Metric	Old `userdetails`	New `user_details`	Change
Primary shards	`3`	`6`	More primary shards for the new search layout
Replicas	`1`	`1`	Same replica factor
Documents	`157,661,460`	`157,441,825`	Same order of data volume
Total storage	`257.3 GB`	`135.75 GB`	About `47.2%` lower
Primary storage	`129.2 GB`	`67.61 GB`	About `47.7%` lower

This is the basis for saying the migration reduced index storage by roughly 50% while keeping the same production-scale document volume.

user_details index overview showing storage, health, shards, and document count

Latency and Traffic Result

Signal	Observed Production Value
API request error rate	`0%` in the HTTP service dashboard
Main endpoint	`POST /api/v1/users/search`
Main endpoint share	About `97.39%` of endpoint time
Search endpoint request rate	About `242.5 req/min` in the top endpoints table
Search endpoint median latency	About `22.76 ms`
Search endpoint p95 latency	About `47.67 ms`
Overall request latency	Median roughly `21-23 ms`; p95 roughly `43-48 ms`
ES query latency	p50 about `2.5 ms`, p95 about `4.75 ms`, p99 about `4.95 ms`
MySQL query latency	p50 about `2.5 ms`, p95 about `4.75 ms`
ES hits per query	Around `4.6` in the dashboard tooltip
CDC health	`1`
ES data freshness	Around `3.6s` in the dashboard tooltip

The search service stayed well under the practical ES target of 10 ms for most observed ES queries in the saved dashboard window.
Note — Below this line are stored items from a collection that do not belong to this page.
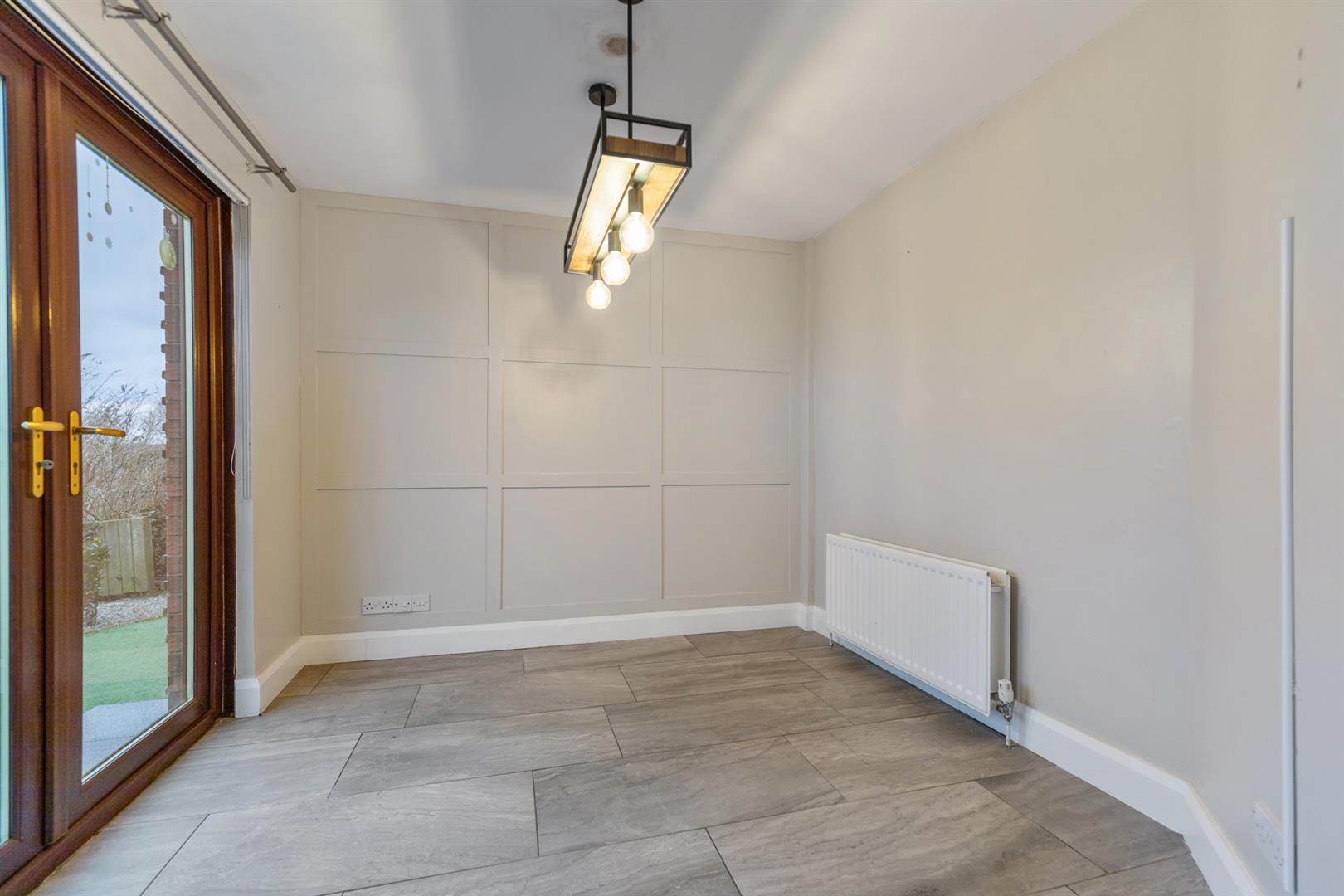 Tiled floor, double patio doors out onto enclosed rear garden.
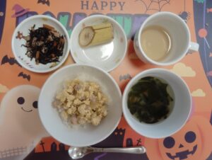 親子丼、ひじきの炒り煮、中華スープ(人参、小松菜)、バナナ
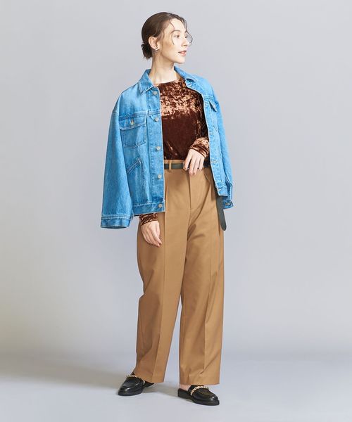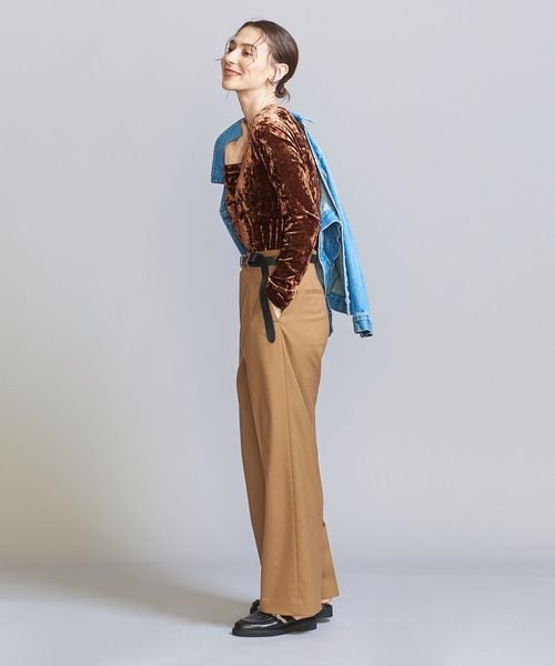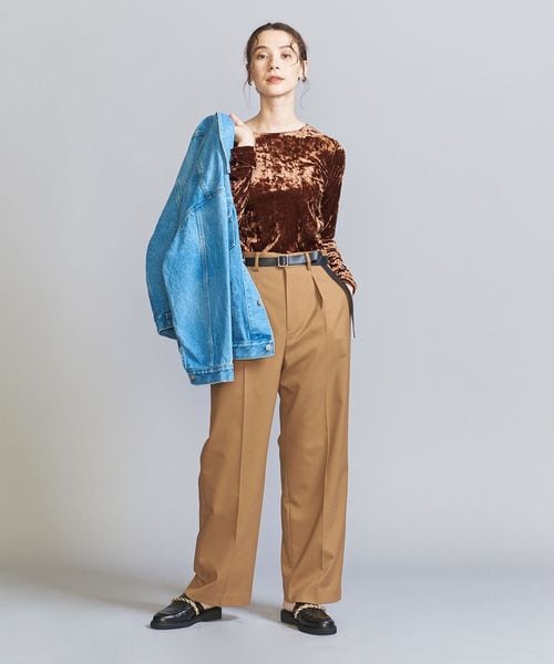 カーディガンやアウターのインナーで着用すれば、表情のあるベロアがコーディネートにスパイスを効かせてくれます。
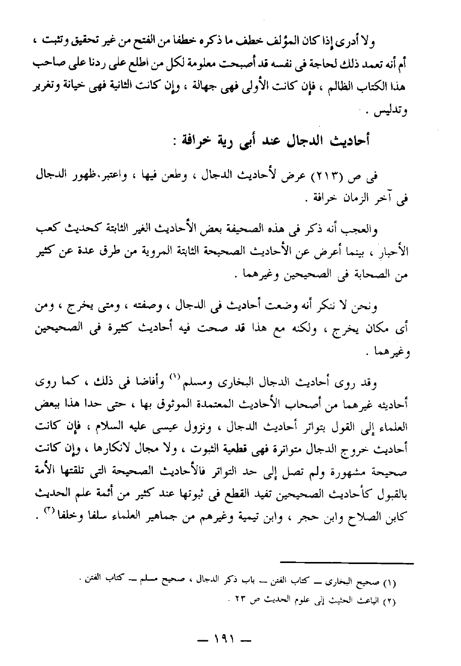 في [ص 213] عرض لأحاديث الدَجَّالِ، وطعن فيها، واعتبر ظهور الدجال في آخر الزمان خرافة. والعجب أنه ذكر في هذه الصحيفة بعض الأحاديث الغير ثابتة كحديث كعب الأحبار، بينما أعرض عن الأحاديث الصحيحة الثابتة المروية من طرق عدة عن كثير من الصحابة في " الصحيحين " وغيرهما.

API latency is higher than raw ES latency because it includes auth/session work, scope resolution, query construction, response shaping, and transport/runtime overhead.

Phoenix Search HTTP service dashboard showing request error rate, throughput, top endpoints, and request latency

Phoenix Search API production dashboard showing ES query latency, query volume, MySQL latency, auth outcomes, CDC health, and freshness

Mapping and Analyzer Result

The migration works because the ES document is intentionally shaped for the search cases that used to need separate calls.
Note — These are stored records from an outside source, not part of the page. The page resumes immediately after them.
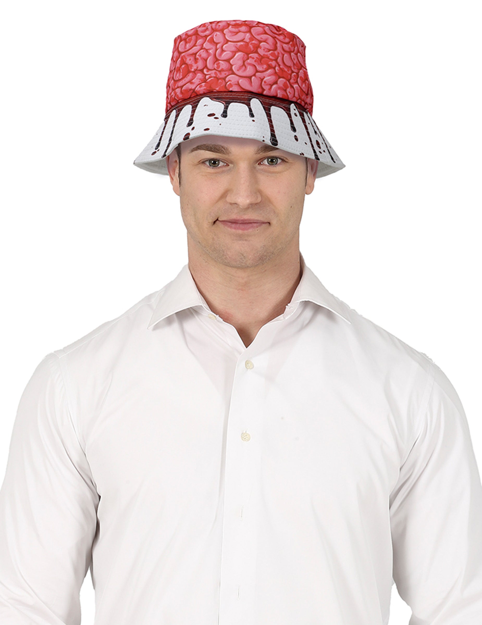 Ce bob cerveau ensanglanté pour adulte donne une touche horrifique immédiate à un déguisement de zombie ou de patient d’hôpital sorti d’un cauchemar. Avec son haut rouge imprimé d'un cerveau apparent et son bord blanc couvert de traces de sang, il attire tous les regards lors d’une soirée d’Halloween, d’un événement gore ou d’une fête à thème horreur. Un accessoire original pour compléter une tenue terrifiante sans en faire trop.
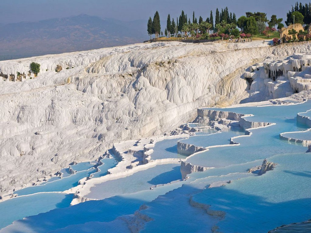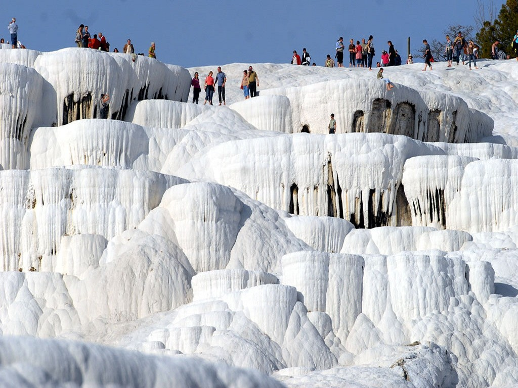 You will visit the antique city of Hierapolis after the lunch. The places to visit are Necropolis, Roman Baths, Domitian Gate, Latrina, Oil Factory, Frontinious Street, Agora, Byzantium Gate, Triton Fountain, Cathedral, Apollon Temple, Plutonium, Theatre and Antique Pool. Last destination of the tour is the white travertine terraces of Pamukkale. You will walk down the hill among the travertine pools. This is the best opportunity to take photos of this unique beauty of nature.
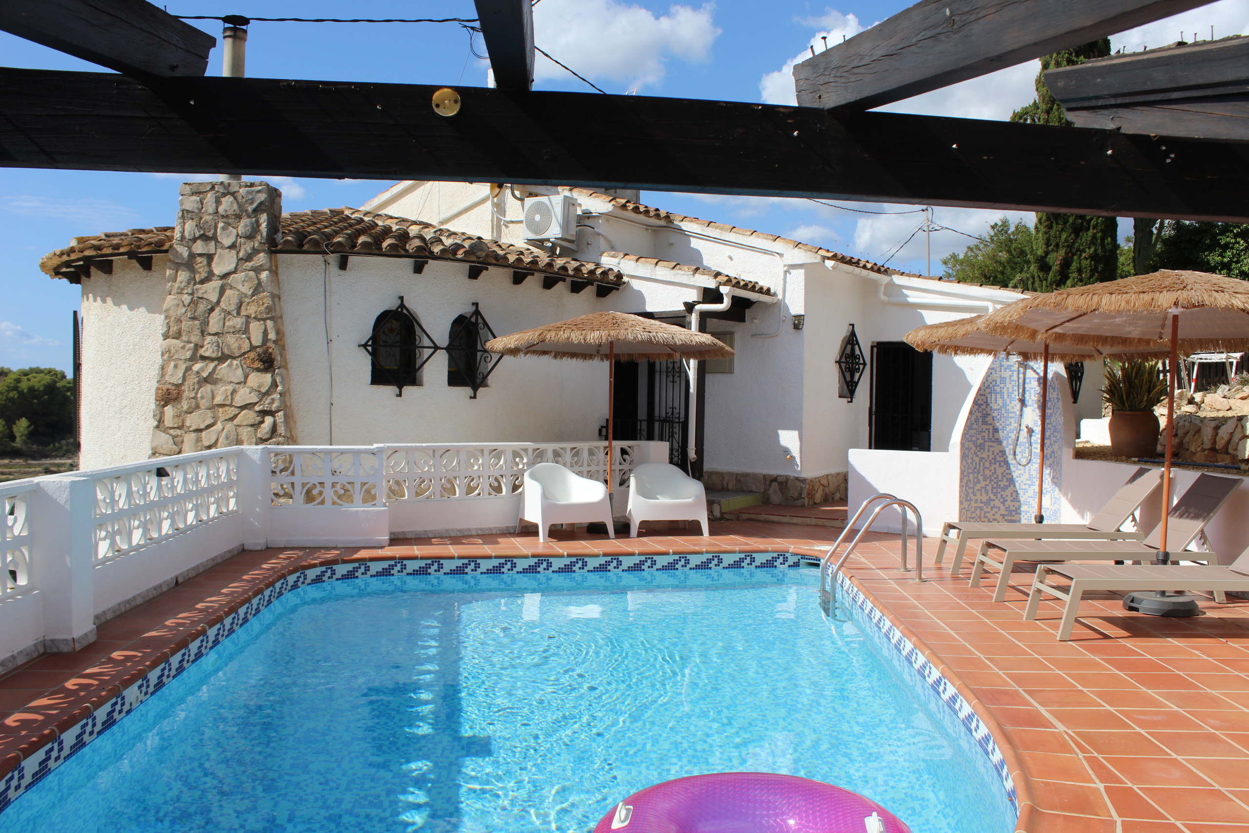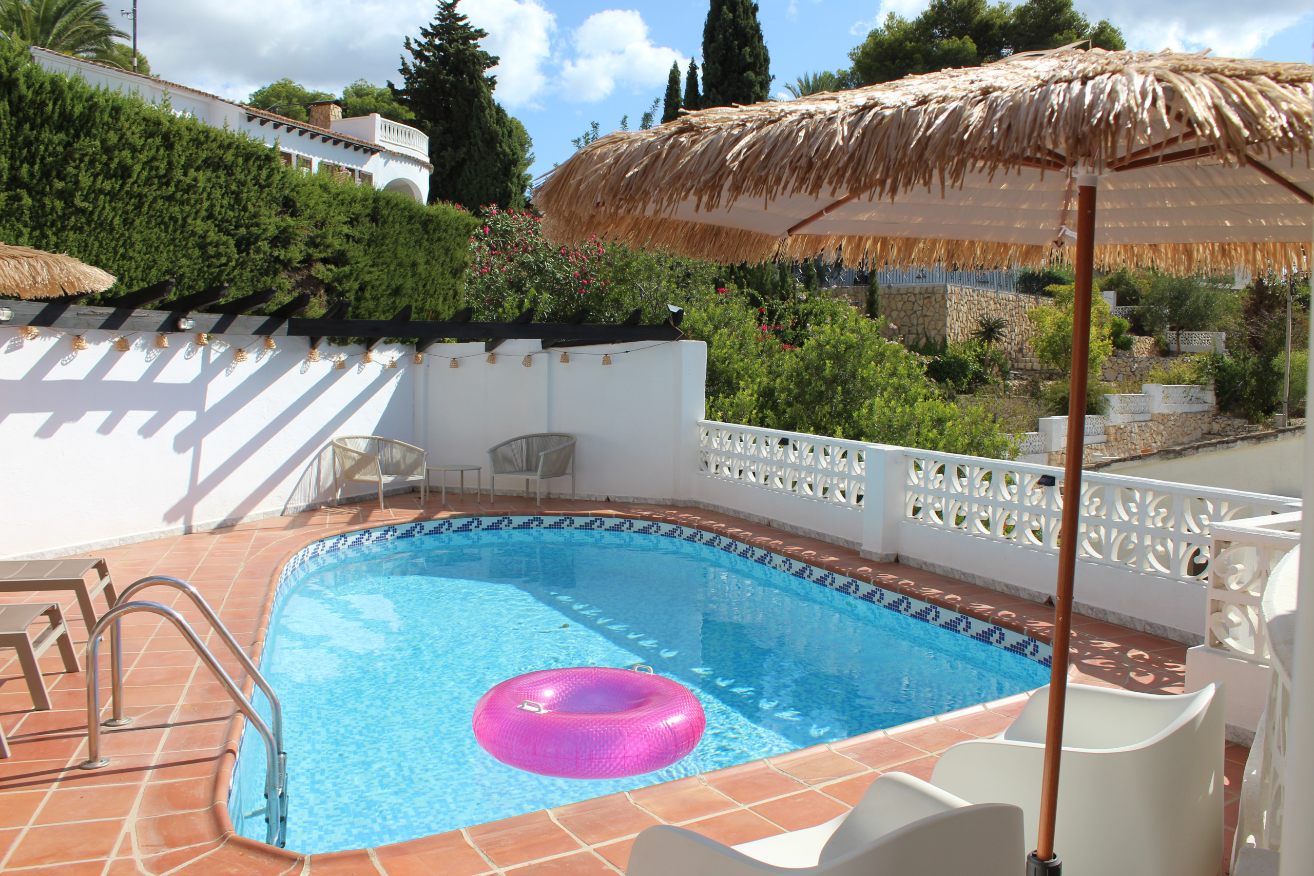 Vanaf de woonkamer kom je buiten bij het heerlijke zwembad van 7 x 4 meter met 4 ligbedden, buitendouche, parasols, en twee zitjes. Het zwembad biedt veel privacy en een prachtig uitzicht op de omgeving en de zee.

Search Need	New Index Support
Patient name	`search_as_you_type` on `full_name`
Contact / alternate contact	`keyword` plus prefix analyzer fields
Lab patient ID	Exact, prefix, suffix, and segment fields
Manual sample ID	Exact, prefix, and segment fields
Order number	Exact, prefix, and segment fields
Lab bill ID	Exact and prefix fields
National IDs / passport	Exact, prefix, and segment fields depending on identifier format
Org, referral, branch filters	Denormalized arrays in the same ES document

This lets Phoenix Search build one shape-routed query for the user input instead of issuing independent LRF/manual-sample/bill/patient lookups and merging them afterward.

OpenTelemetry Result

OpenTelemetry is a migration advantage because the new path emits query, request, dependency, and CDC freshness signals from one service boundary.

Capability	What Phoenix Search Emits
API traces	FastAPI spans with route-level request context
Search span attributes	`search.lab_id`, `search.search_key`, `search.query_shape`, `search.routing`, `search.is_multi_center`, `search.hit_count`, `search.zero_results`
ES correlation	The active trace ID is passed as the Elasticsearch `opaque_id`
ES metrics	`search.es.query.duration`, `search.es.query.total`, `search.es.hits`, `search.zero.results.total`
MySQL metrics	`search.mysql.query.duration`, `search.mysql.query.total`
Auth metrics	`search.auth.total`
Error metrics	`search.app.errors.total`, `search.unhandled.errors.total`
CDC freshness	`search.data.age`, `search.cdc.healthy`
CDC consumer metrics	`cdc.flow1.latency`, `cdc.flow2.latency`, `cdc.consumer.lag`, `cdc.messages.processed`, `cdc.dlq.sent`
Logs	Trace and span IDs are added into structured logs

Compared with the old preview path, this makes the production question easier to answer: for a slow or empty search, check one trace and see the API route, auth outcome, scope/routing, ES query latency, hit count, MySQL scope lookup, and CDC freshness.

Debugging Result

The post-migration debugging path is now trace-first. A frontend search request exposes the trace ID, HyperDX resolves that trace across the API, and the Elasticsearch span shows the actual search operation and query body. The reusable runbook lives in API Debugging.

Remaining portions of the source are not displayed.